Is IaaS a good business for operators?

The short answer is no unless you operate in a part of the world where there is no regional IaaS. The longer answer is:

Amazon is running their AWS services with a cost-plus pricing model. This means they aim for a 10% profit margin. Every time they have improvements in their economies of scale, they lower the price to get back to the 10%.

Although Amazon has healthy gross-margins, the IaaS is all about investing in hardware and R&D. This means that volume is the name of the game. Although Amazon is making IaaS into a billion dollar business, the number two player (Rackspace) is around $285M for their IaaS business. This shows the winner-takes-it-all.

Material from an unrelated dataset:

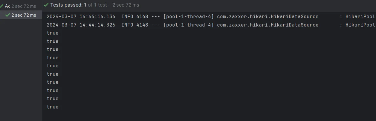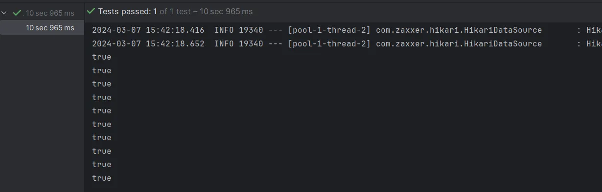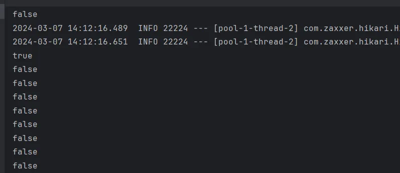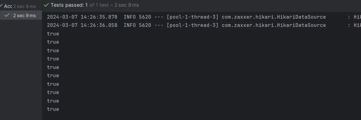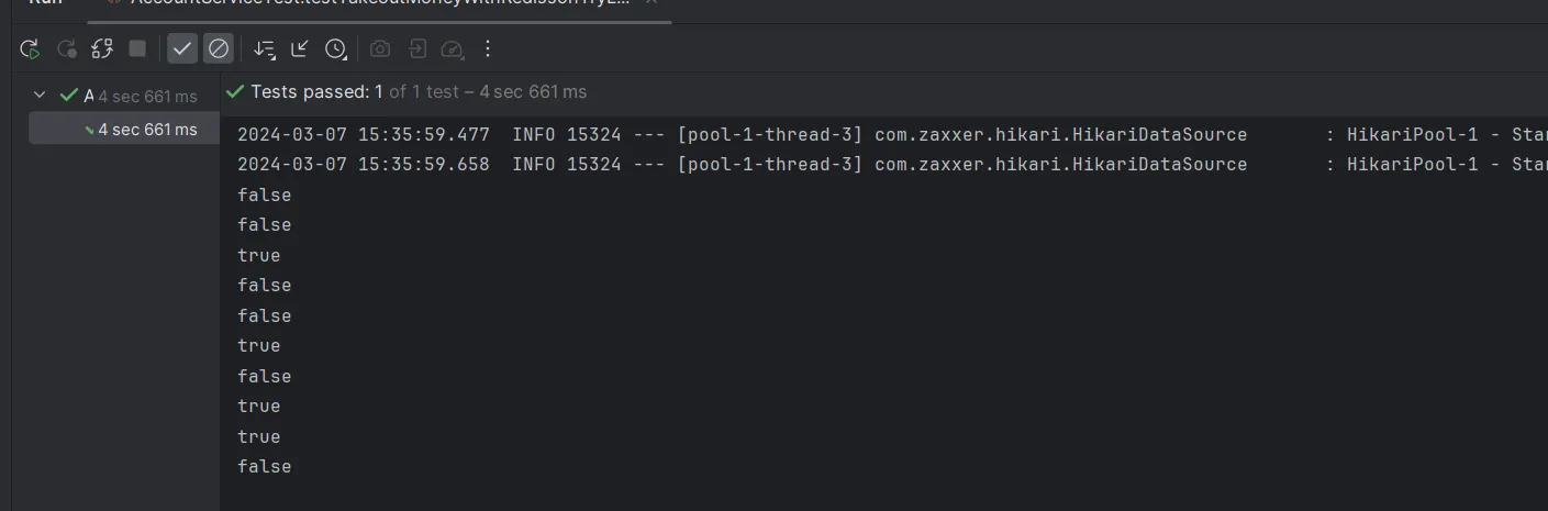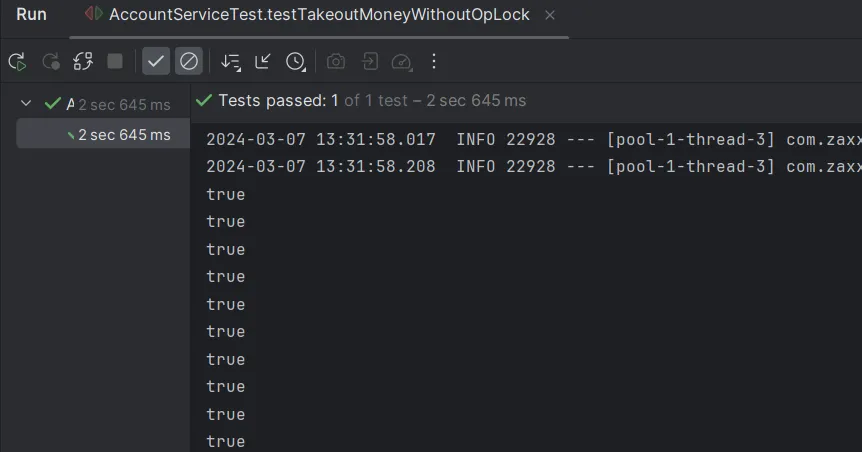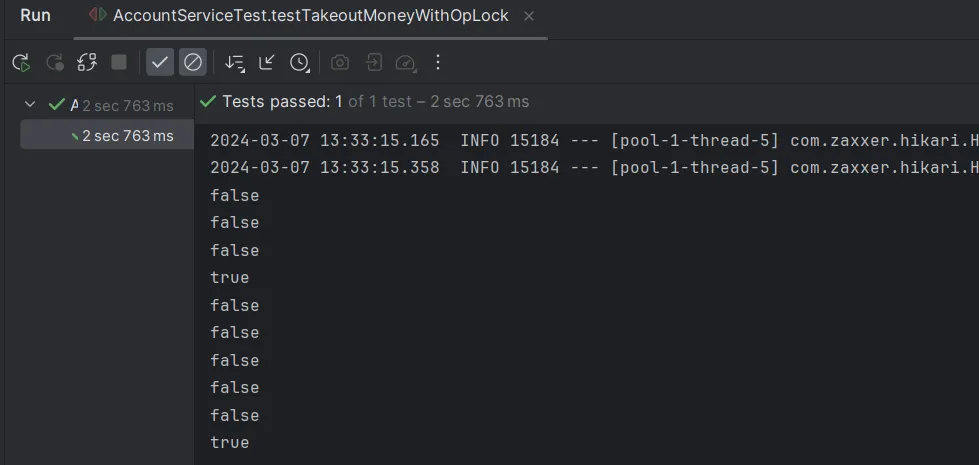 1 2 3 4 5 6 7 8 9 10 11 12 13 14 15 16 17 18 19 20 21 22 23 @Test public void testTakeoutMoneyWithOpLock () throws ExecutionException, InterruptedException { ExecutorService executorService = Executors.newFixedThreadPool(5 ); Callable<Boolean> takeoutTask = () -> { TakeOutMoneyRequest request = new TakeOutMoneyRequest (); request.setAccountId(1 ); request.setMoney(100 ); try { return accountService.takeOutMoneyWithOpLock(request); } catch (InterruptedException e) { return false ; } }; List<Future<Boolean>> futureList = new ArrayList <>(); for (int i = 0 ; i < 10 ; i++) { Future<Boolean> future = executorService.submit(takeoutTask); futureList.add(future); } for (Future<Boolean> future : futureList) { System.out.println(future.get()); } }

How are operators going to compete?

Competing at price with Amazon AWS, Rackspace, Gogrid, etc. will not be an option given that they are lowering pricing continuously.

Competing with better technology is also almost impossible because Amazon is THE marketleader for IaaS innovation with services like DynamoDB. IT players are just doing catch-up and any operator that will use an RFQ process will just be buying previous-generation-software and hardware. This means in Cloud terminology: legacy systems.

Operators could give better SLAs then the 99.95% offered by Amazon. However in the world of cloud computing, SLAs do not mean anything. If you want availability, then you are better to implement a multi-cloud strategy in which you use multiple cloud providers and your software can move dynamically between them.

Trust? IBM and other IT players can provide that as well. They have been in the Cloud space for more time then telecom and are quicker at deploying technology.

Networking reliability, QoS and speed? Yes but only for a niche segment of the market. A segment that is unlikely to be big if you look at the local nature of most operators.

Geo-localization reasons? YES. This is probably the only valid reason why in Africa, some parts of Asia and Latin-America, operators should look at IaaS. However in Europe, the US, Australia, Japan, Korea, Singapore, etc. this can not be the driver.

So unless you are targetting some very specific low-latency or high data volume nice markets or are in a part of the world where reliable networking and electricity is hard to get, you are unlikely to make your CEO happy with IaaS. You should think about other parts of Cloud Computing like PaaS, business processes as a service, networking as a service, etc.